For Hi-C these assumptions do not hold. I'd
recommend mapping the same way you would ChIP-Seq data,
allowing only unique genomic matches. You may also want to
check for restriction sites in your reads - sequence on
either side of the restriction site might map to different
locations, so it might be wise to trim the sequence after
the restriction site to help with mapping (i.e. use " homerTools trim -3 AAGCTT reads.fq" to trim the
reads before mapping)
To create a paired-end tag directory, you must run makeTagDirectory by
entering the two halves of the mapped reads separated by a
comma, without spaces.
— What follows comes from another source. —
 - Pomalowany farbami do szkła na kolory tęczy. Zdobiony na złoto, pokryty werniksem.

For example:
makeTagDirectory <OutputTagDirectory>
<alignment file-read1>,<alignment
file-read2> ... [-illuminaPE] [-tbp 1]
i.e. makeTagDirectory
ES-HiC lane1-read1.sam,lane1-read2.sam
lane2-read1.sam,lane2-read2.sam -illuminaPE -tbp 1
HOMER matches reads between alignment files by matching
their names, but to work with the original bowtie output
files for Illumina sequencing (which often contains a 0 or
1 at the end to delineate the read source), it will need
to remove the last character before trying to match.
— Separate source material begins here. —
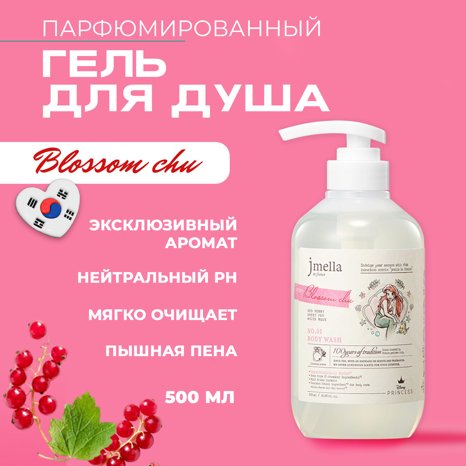 Деликатный гель для душа с нейтральным уровнем pH- 5,5 Jmella In France Disney Blossom Chu Body Wash бережно очищает кожу и обладает пролонгированным увлажняющим действием. Содержит 30 растительных экстрактов и комплекс из 6 видов масел, предотвращает появление сухости и шелушений, питает и ухаживает за кожей. Содержит натуральные очищающие вещества и обладает тонким ароматом красной смородины, душистого перца и белого мускуса. Гель протестирован дерматологами и подходит для всех типов кожи, включая чувствительную.

In this case, add " -illuminaPE"
to the end of the command. If you download reads
from the SRA they often have the same name for each paired
end read - in these cases you don't want to remove the
last character, so do NOT add " -illuminaPE" to the
end of the command in that case.
Another typical option to add for Hi-C data is " -tbp 1", which will
only consider read pairs with the exact same ends
once. Given the search space in Hi-C, you would
never expect to see reads-pairs start from the exact same
places twice in the data (at least in the case of
sonication). If you do, they are likely clonal and a
result of over-sequencing your library or some other
artifact.
On a side note, the HOMER tag directory created for
paired-end reads is very similar to the directories
created when running makeTagDirectory
for single-end reads. The paired end reads are
stored in *.tags.tsv files (extended format to include the
pair), only each read will get 2 entries in the
appropriate *.tags.tsv so that the reads can be indexed on
each chromosome in one file. A flag is also set in the
tagInfo.txt file to inform HOMER to treat the experiment
as a paired-end file. Many of the programs in HOMER,
such as makeUCSCfile,
will treat paired-end tag directories as "single-end"
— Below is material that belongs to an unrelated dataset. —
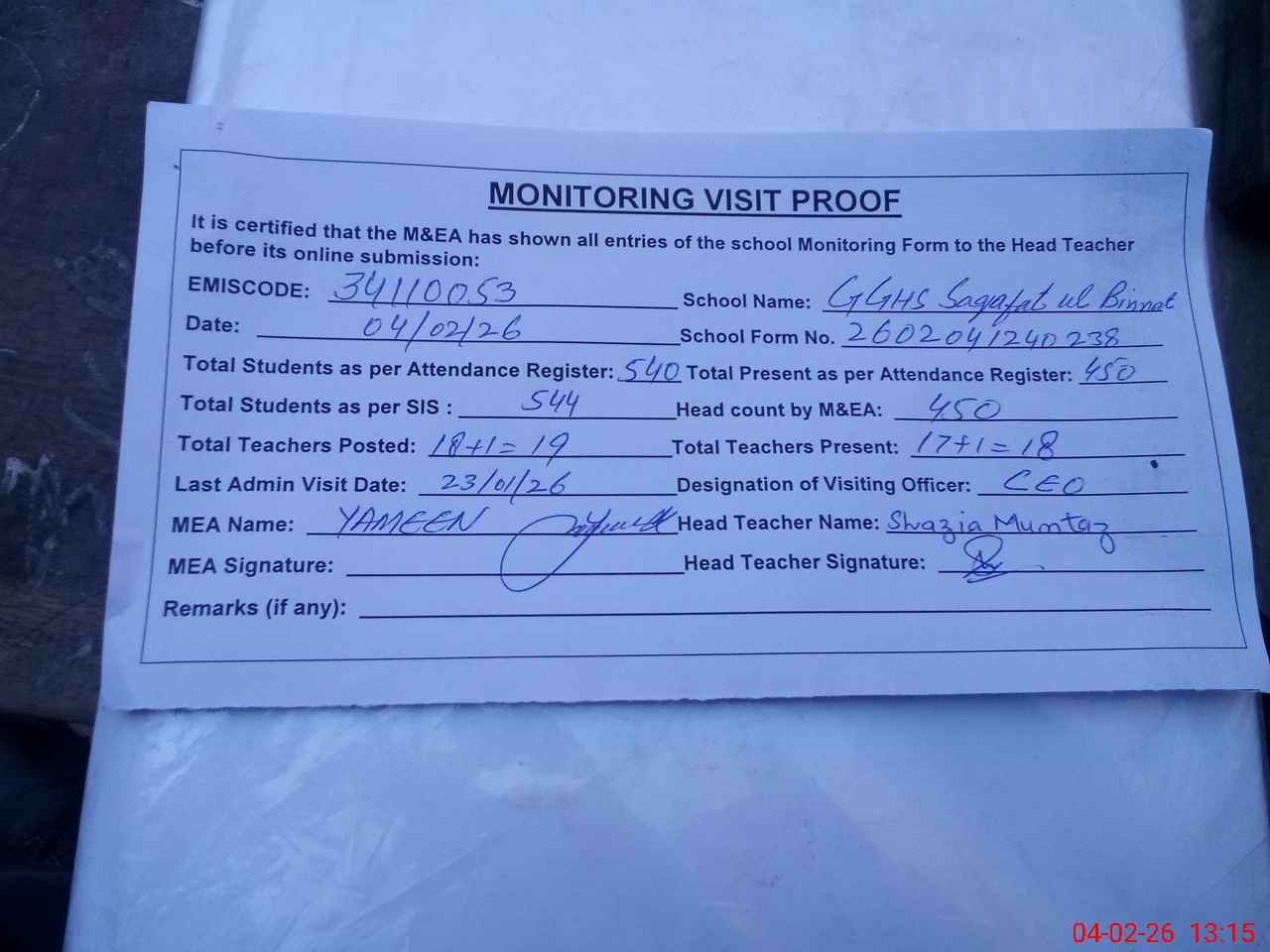| Attendance Register | Head Teacher | MEA with School | Visit Proof |

directories to create output. This can be useful if
you want to visualize read coverage in the UCSC Genome
Browser or want to find peaks in the Hi-C read coverage
with findPeaks.
One important note: the tagInfo.txt
file will report the "Total Tags" value as 2x the total
number interactions. This is because HOMER is
storing each PE tag twice - the software later adjusts
this number to reflect this redundancy, but keep this in
mind when interpreting this number.
Alternative Input Files
HOMER will also accept "Hi-C Summary" files (use
"-format HiCsummary"), which is a simple text file
format that contains the mapping positions for a read-pair
on each line. These files are tab-delimited
text files with the following column assignments:
Hi-C Summary Format (columns):
1. Read Name (can be blank)
2. chromosome for read 1
3. positions for read 1 (5' end of read, one-indexed)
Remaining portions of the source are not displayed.